In this context, the main aim of the study is to introduce the LC-SLIAC method and to test its suitability for eliminating the effect of the terrain. The accuracy of the proposed method is tested by statistical evaluation and comparison of backscatter of forest areas before and after the correction for forests with different characteristics—at a different elevation, terrain slope and orientation, and with different characteristics of the LIA. Moreover, the effectiveness of the method is tested within a three-month time-series analysis of coniferous and deciduous forests.
4. Discussion
In this study, the LC-SLIAC land cover-specific method, which aims to eliminate the effects of terrain on backscatter values over forested areas, was developed and tested. The LC-SLIAC method can correct the terrain effects of individual images and, therefore, allows the combination of images with different imaging geometries, i.e., from all available acquisition orbits and paths over a selected area, in a time-series analysis. The traditional method for achieving comparable images is based on using images with the same imaging geometry—from exactly the same path, orbit and satellite (i.e., in [
45,
46,
47]). However, a drawback in the case of using only data from the same orbital plane is that it leads to a low temporal resolution. Considering all available images over a given area can dramatically increase the temporal resolution, especially in the case of the Sentinel-1 mission, which comprises a constellation of two satellites sharing the same orbital plane. In the case of SAs from Central Europe, a maximum of four different paths were available for a SA. It resulted in around 60 images available in three months instead of 15. An essential decision before processing a large amount of SAR data for time-series analysis is to use suitable software and hardware for this purpose. Cloud-based solution GEE was used and tested in this study, where all data and processing power are stored. Sentinel-1 C-band data were selected and used because of its effectiveness in analyzing problems in forest ecosystems (e.g., in [
7,
10,
46,
48]). It has been proven that the spatial resolution of Sentinel-1 data is suitable for forest monitoring. Reiche et al. [
48] found that using Sentinel-1 data, it is possible to monitor disturbed areas bigger than 0.2 ha. Moreover, in the last update of their algorithm, the minimal mapping unit for disturbance monitoring was set to 0.1 ha [
49].
The relevance of the proposed LC-SLIAC method using C-band SAR satellite data was demonstrated in 16 study areas from different parts of Central Europe.
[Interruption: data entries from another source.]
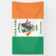 Show your Irish heritage with this 5ft x 3ft Irish flag banner. Add your family name or other text such as a bar or club and your own location or other text. The center of the flag has an original design with an American Eagle, with Irish shamrocks and the Flags of Ireland and your State. There are 3 options - Indoor, Outdoor and Outdoor with metal grommets. (Delete current text to leave blank with just center crest showing)
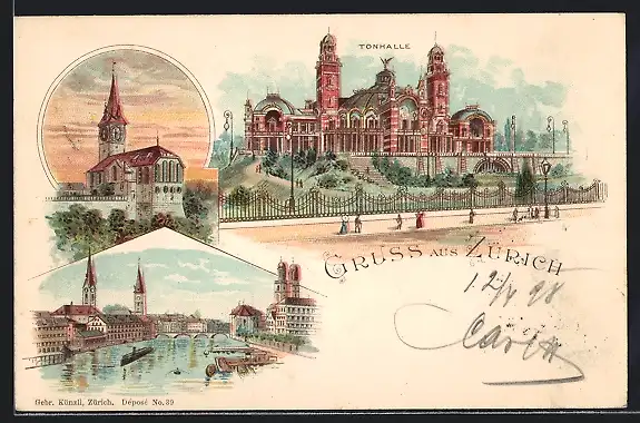 Lithographie Zürich, Tonhalle, Limmatpartie
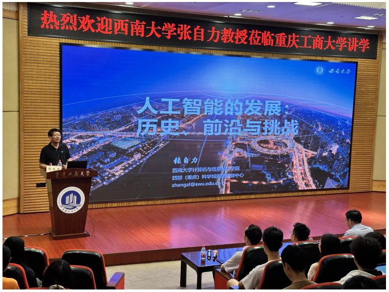 6月8日下午,西南大学计算机与信息科技公司的张自力教授莅临best365官方网站,为师生带来了一场以“人工智能的发展:历史、前沿与挑战”为主题的精彩的学术报告。研工部副部长、研究生院副经理邓龙奎、best365官网入口注册经理唐亮贵出席讲座,各研究生组织成员以及研究生代表到场参加。

The main task of the methodology was to explain the relationship between LIA and backscatter values by the calculation of regression line coefficients. Regression coefficients were also used in previous studies in the traditional pixel-based method (e.g., in [
20,
23,
24]). They were calculated for each image pixel separately based on the backscatter and incidence angle values obtained from all available images in the selected time range. In this case, each pixel has its own unique regression coefficients. One of the disadvantages of the pixel-based regression method is that the number of different incidence angle values included in the regression analysis depends on the number of different satellite tracks available over the studied area. In the case of Central Europe, when using Sentinel-1 satellite data, there are only 2–4 satellite tracks available over a given area. In high latitude areas, where Sentinel-1 Extra-Wide (EW) swath data are available, it can be on average 4.9 to 7.7 tracks per pixel (e.g., in [
26]). Some satellites can have more available different acquisition paths over the image pixel, i.e., in the case of Envisat with a maximum of 15 different available paths over an area in Germany (in [
23]). However, the reasonable minimum sample size for regression analysis with one predictor should be ~50 based on the rule of thumbs (i.e., [
50] or [
51]). By using more measurements from the same path (i.e., from several acquisition times), the amount of data for each pixel can be larger (as used, e.g., in [
23,
24,
25]), which results in several backscatter values for each individual incidence angle value. In this case, differences will appear only for the backscatter value caused mainly by the growing season or by changing climatic conditions during the year. In contrast, the regression line coefficients in the proposed LC-SLIAC method were calculated separately for each image from selected forest areas located in the SA. To get an appropriate number of forest points included in the regression analysis, these forest areas were selected from 1000 randomly generated points over the SA using the forest mask derived from a combination of CLC and GFC. On average, 395 forest points were included in the regression analysis (with a minimum of 138 and a maximum of 668 forest areas). From this point of view, each image has its unique regression coefficients. Therefore, the effect of different seasons (seasonality in data) through the year does not influence the coefficients. Combining the two land cover databases aimed to reduce the possibility of biasing the linear relationship by outliers that may represent non-forest areas due to errors in the land cover databases used. To reduce the possibility of selecting areas representing non-forest areas or forest pixels with a low density of trees, only pixels with at least 50% of tree canopy cover (from the GFC) were selected. The remaining outliers were excluded using Tukey’s fences. The accuracy assessment of the forest masks showed more than 90% overall accuracy of this approach.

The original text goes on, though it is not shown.